Women relaunch league

Jennifer Botterill is one of the pioneers of the newly formed Canadian Women's Hockey League. (Sun...

Jennifer Botterill is one of the pioneers of the newly formed Canadian Women's Hockey League. (Sun File/Marcel Cretain)

ALISON KORN -- For Sun Media

, Last Updated: 1:55 PM ET

The top female hockey players in Eastern Canada have a league to play in this year with the formation of the seven-team Canadian Women's Hockey League -- thanks to the efforts of several star players.

Led by Olympic gold medallists Sami Jo Small and Jennifer Botterill, along with a group of players and volunteers, the new league replaces the Eastern division of the National Women's Hockey League, which suspended play in May. Owners cited a lack of a fan base, financial woes and free agency disputes as reasons for the league's collapse.

LACK OF STRUCTURE

"The owners sort of got together and decided they were going to cancel the coming season," Botterill said. "There was a lack of structure and organization. At this point, the previous owners are not in the picture."

All seven teams now have new names, new uniforms, and in two cases, new locations: Vaughan and Burlington replace teams from Etobicoke and Oakville.

The new league's seven teams include four in the Greater Toronto Area, one in Ottawa and two in Montreal. The GTA teams are the Brampton Canadette-Thunder, Mississauga Chiefs, Burlington Barracudas and the Vaughan Flames. The rest of the league is comprised of the Ottawa Capital-Canucks, Montreal Stars and Quebec Phoenix.

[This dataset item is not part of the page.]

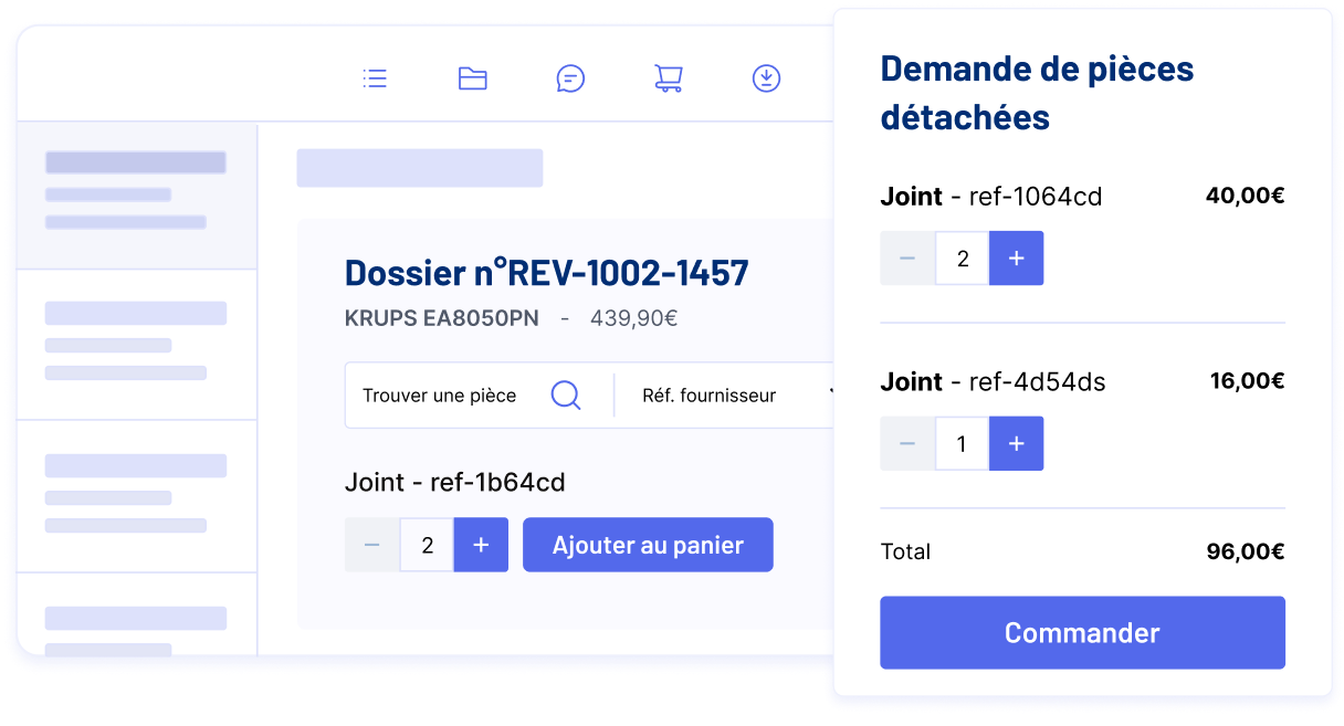 Le module Revers.io permet de commander directement les pièces détachées manquante, et d’automatiser ce processus, afin de permettre un réapprovisionnement rapide et sans erreur. En réduisant les interventions manuelles, l'automatisation des commandes optimise vos coûts d'approvisionnement et améliore la réactivité des réparations.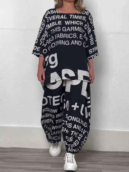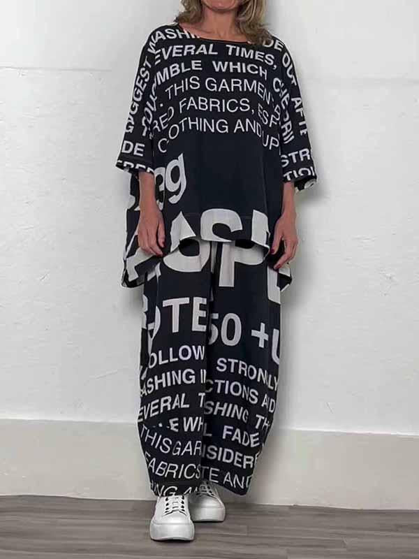 Women's Round Neck Letter Printed Two-piece Suit

"At this point what we're trying to create is a league that is sustainable for the future," said Botterill, who will play for Mississauga along with Small. "We felt like a fresh start would be a good way to go."

Other Olympians also are playing in the league. Brampton has Jayna Hefford, Vicky Sunohara and Gillian Apps. Becky Kellar is on Burlington, Katie Weatherston is in Ottawa and Kim St-Pierre is in Montreal.

"What's different about this league," Small explained, "is that many of the teams will be supported by minor hockey associations in the communities where the teams are located."

For example, Vaughan and Burlington minor girls' hockey now can provide feeder systems as well as supportive fans.

Another difference is that team funds now come from the league itself, rather than individual owners, ensuring that every player who makes a team will play for free, unlike the previous setup where some teams charged annual fees to players and others didn't.

"We are very excited about this season," said Botterill, noting the league already has netted some supporters, with more deals in the works. "There's no question that along with increased awareness of our league, there's also great potential for growing the game of women's hockey."

The idea of creating a draft is something organizers want to address in the future.

A criticism of the previous league was that all players became free agents at the end of every season, disrupting the league's competitive balance.

NO PAY

But when the athletes aren't being paid to play, it's important for them to place themselves in locations that allow them to work.

"At this point we didn't feel we had the power to tell players where to go," Botterill said. "It's definitely a topic that's on our minds to figure out for seasons ahead."

The teams will play a full 40-game schedule culminating with the top two teams attending the 2008 Esso Women's National Championships in Charlottetown, Prince Edward Island, to play for the national championship against the top two teams from the Western Women's Hockey League.

"I love playing in the GTA and wanted to stay," Botterill said. "That motivation inspired a lot of us to be proactive and see what we could get done."

A website is in the works that will list the league schedule. This Sunday, Burlington plays Brampton at 4:15 p.m. at Burlington's South Fletcher's Sportsplex.

ROCKING OLYMPIC SPORT

Olympic buffs should be sure to check out the inspiring new Olympic video, Believe, online at www.bell.ca/believe.

The four-minute feature is a one-of-a-kind music video and audio track that could become the anthem for the 2010 Vancouver Winter Olympic Games.

It's free to view online, and costs 99 cents to download, with proceeds going to the Own The Podium program supporting winter sports.

The video and behind-the-scenes footage feature athletes Steve Omischl (freestyle sking), Joannie Rochette (figure skating) and Clara Hughes (speed skating), along with singer Suzie McNeil and Canada's 61-piece National Arts Centre Orchestra, conducted by Dave Pierce.

RAISING CASH

On Sunday, Sept. 30, the second annual "Share the Road" ride will take place in Halton Region, in memory of Ontario Provincial Police Sgt. Greg Stobbart. The avid cyclist and triathlete was hit and killed by a dump truck during a training ride on June 6, 2006. The event starts at 10 a.m. at the Milton GO station and raises money for the Share the Road Foundation, which encourages motorists to share the roads with cyclists. This year's ride features a hilly, 60-kilometre route, along with a 20-kilometre Fun Ride on flatter terrain. Register at www.racersportif.com.